Defendant seeks judgment for all claims arising before December 30, 1973 brought under Title VII on the ground that they did not accrue within 180 days of filing a complaint with the EEOC as required by statute. 42 U.S.C. § 2000e-5 (1970 & Supp. IV 1974).1 Defendant argues that as a consequence the court is without jurisdiction to consider the claims. Additionally, defendant moves for partial summary judgment on all section 1981 claims which arose be*6fore May 15, 1970 on the ground that such claims did not arise within five years of filing the action and as a consequence are barred by the relevant statute of limitations. Ill.Rev.Stat. ch. 83, § 16 (1975).
Defendant has offered an affidavit which indicates that between December 23, 1962 and December 22,1974, E. J. Brach promoted 29 individuals to supervisory positions. Seventeen promotions occurred before May 15, 1970 and therefore actions with respect to them would be barred under section 1981. Twenty-four promotions which were awarded before December 30, 1973 would be barred under Title VII.
As to plaintiffs’ Title VII claim, it should be noted that filing a timely charge with the EEOC is a jurisdictional prerequisite to suit under Title VII. United Air Lines, Inc. v. Evans, 431 U.S. 553, 555 n. 4, 97 S.Ct. 1885, 1887 n. 4, 52 L.Ed.2d 571 (1977); Alexander v. Gardener-Denver Co., 415 U.S. 36, 47, 94 S.Ct. 1011, 39 L.Ed.2d 147 (1974). Plaintiffs argue invocation of jurisdiction over the 24 promotions before December 30, 1973 is justified because the alleged discriminatory promotions constituted continuing violations and hence were not controlled by any limitation period. Specifically, plaintiffs argue they continue to feel the effects of the alleged discrimination in that differences in wages or fringe benefits are a concrete, present effect of the past discriminatory denial of promotion. Plaintiffs argued that Evans was controlling in this case. As a consequence, the court delayed ruling on this motion pending resolution of Evans in the Supreme Court.
Although the court does not agree with the plaintiffs that Evans is factually “indistinguishable” from the present case, it is clear that it is controlling here. In Evans, plaintiff, an airlines flight attendant, claimed that she was forced into retirement in 1968 due to defendant’s nonmarriage policy. After the defendant discontinued this policy, plaintiff applied for a position and was reinstated as a new employee. She made her complaint to the EEOC in February, 1973. She then filed suit for seniority and back pay she lost as a result of her resignation. Plaintiff argued that the refusal by her employer to credit her with seniority constituted a present, continuing violation of Title VII.

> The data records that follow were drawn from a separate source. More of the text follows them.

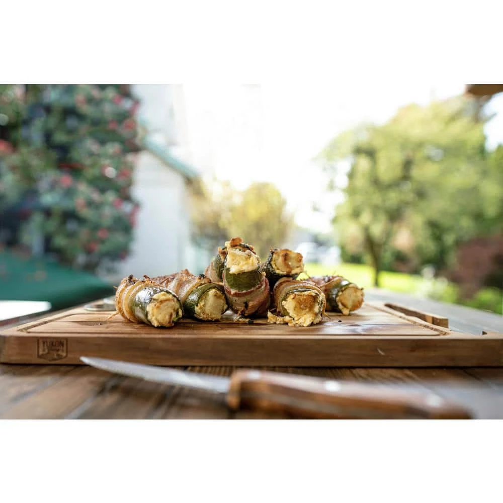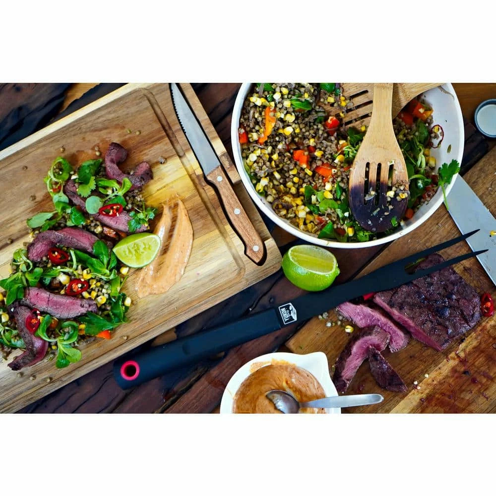 - Innovative design designed with care and functionality special grooves for sauce cups and steak knives that are included as well as grooves to catch the juices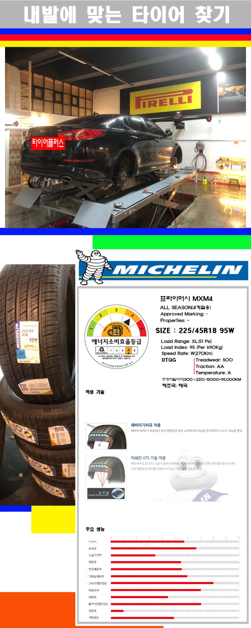한국타이어의 최고 품질의 사계절 타이어입니다.
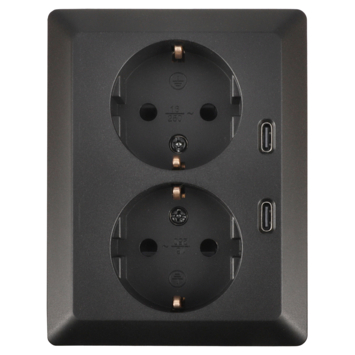 Dit dubbele stopcontact beschikt over 2 USB-C poorten. Dit zorgt ervoor dat er altijd ruimte vrij is om kleine apparaten op te laden.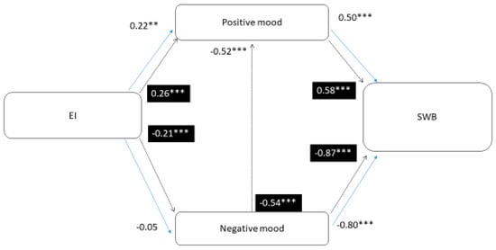 A positive impact of EI on stress control has been documented [88], and EI is a predictor of SWB in adults [81]. This finding is the fundamental reason why, in this paper, we assume EI is a factor that promotes well-being because EI refers to skills that can be taught to improve coping mechanisms in difficult situations [89]. In this sense, EI is a key precursor to feelings associated with well-being. Thus, Hypothesis 4 (H4) is proposed.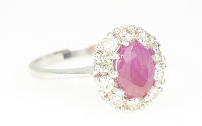 18kt witgouden ring met ovaal geslepen robijn in het midden en briljant geslepen diamanten van totaal 0,70 ct.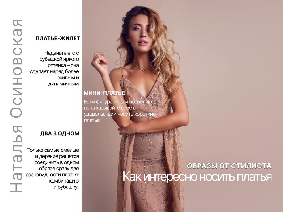 Как интересно носить платья: образы от стилиста Платье – самый женственный предмет гардероба. И самодостаточный: надела его, дополнила аксессуарами – и вперёд! Но с платьями можно составлять и более сложные комплекты.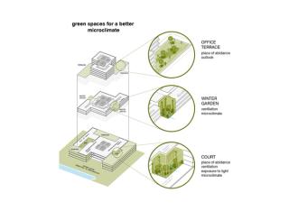 Smart facade, plinth: facade greening / shading by expanded metal panels / the outlying offices are ventilated via decentralized ventilation elements in the facade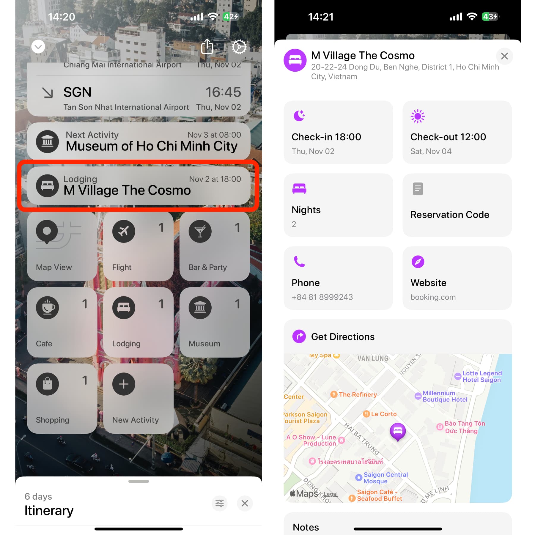 จะมีเวลาเช็คอิน เช็คเอาท์ (เวลาตามที่เราตั้งเอาไว้) บอกจำนวนคืนที่จะเข้าพัก มีข้อมูลเบอร์โทรติดต่อ และสามารถกดดูแผนที่เพื่อใช้เดินทางไปยังที่พักของเราได้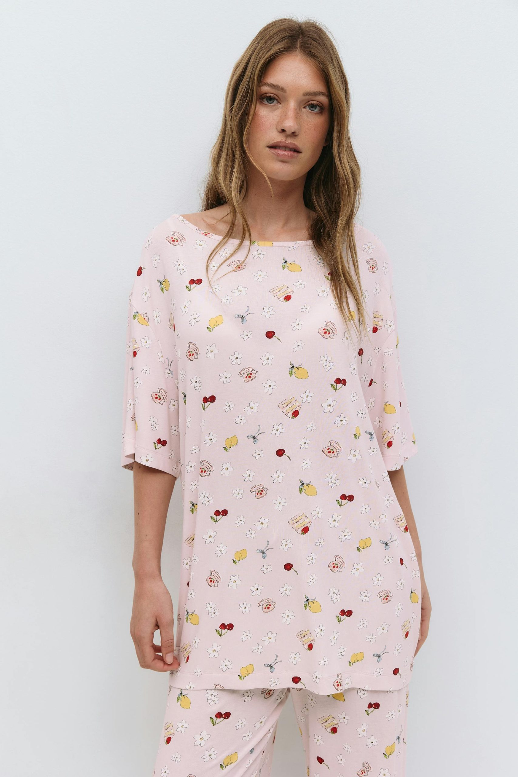 T-shirt met patroon met citroenen, kersen en bloemen. Het t-shirt is roze en heeft brede mouwen. Het heeft boot halslijn, ruimere pasvorm en een voering.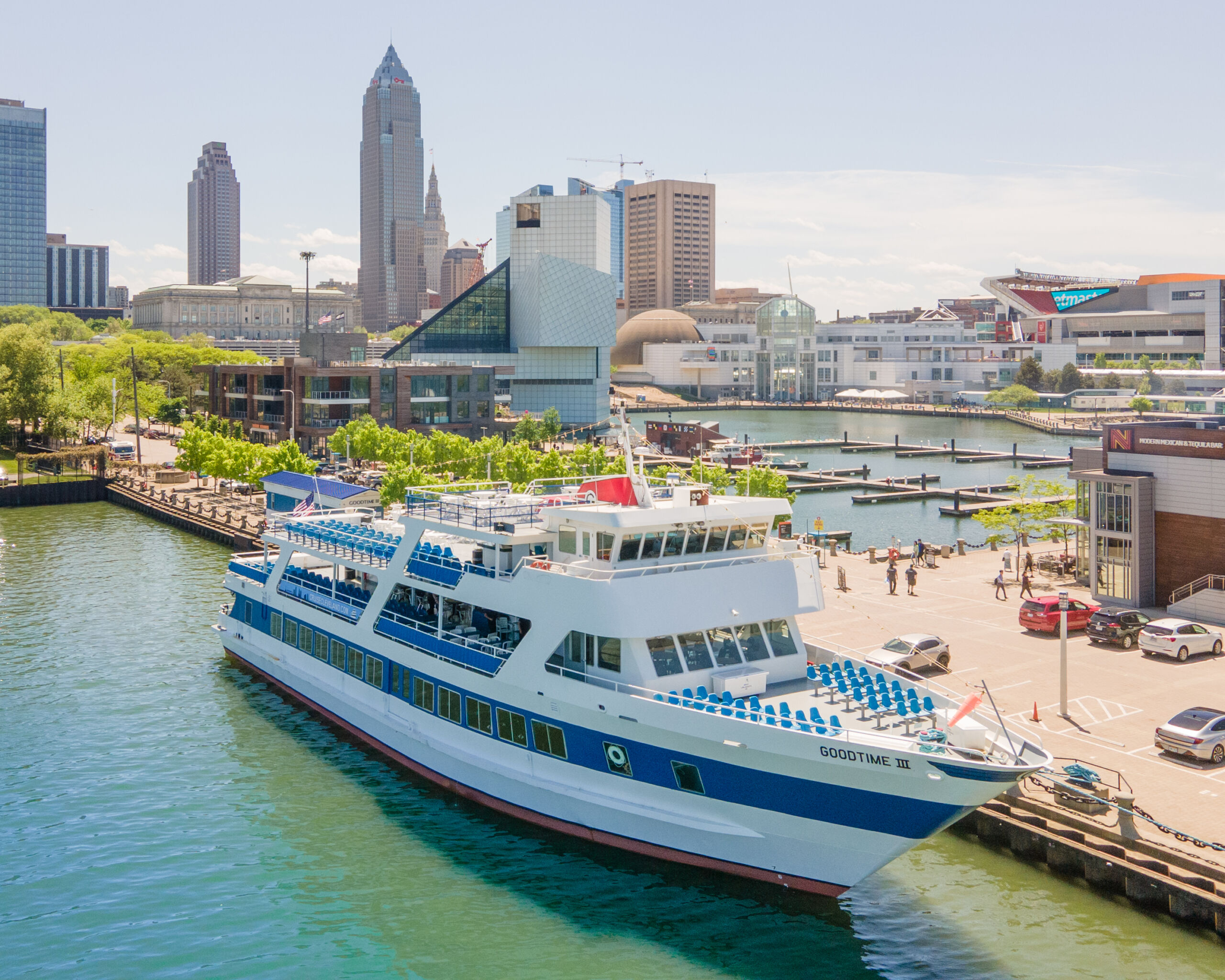 The GOODTIME III operates from Cleveland’s North Coast Inner Harbor at E. 9th Street Pier, behind the Rock and Roll Hall of Fame, the Great Lakes Science Center, and numerous Cleveland hotels are nearby.

The Supreme Court held in favor of the defendant. The Court noted that failure to conform with the filing requirements of the statute renders the discriminatory act equivalent to a discriminatory act before the passage of the statute. Assuming that the defendant’s seniority system had a continuing effect on the plaintiff’s pay and benefits, the Court noted that the central question to be considered is when the initial violation occurred — not its continuing effects. “[T]he emphasis should not be placed on mere continuity; the critical question is whether any present violation exists.” 431 U.S. at 558, 97 S.Ct. at 1889 (emphasis in the original).
Similarly, the alleged denials of promotions here have a constant and present effect. The violations occurred, if at all, when the defendant allegedly promoted white, less qualified individuals over blacks.
Of course, every past act of discrimination may have some future impact, and certainly the “sins of the fathers” are often perpetuated to the present date. As a result, a broad extension of the continuing discrimination concept would arguably permit a lawsuit to be commenced irrespective of when the alleged discrimination occurred, thereby completely eliminating any period of limitations for Title VII actions.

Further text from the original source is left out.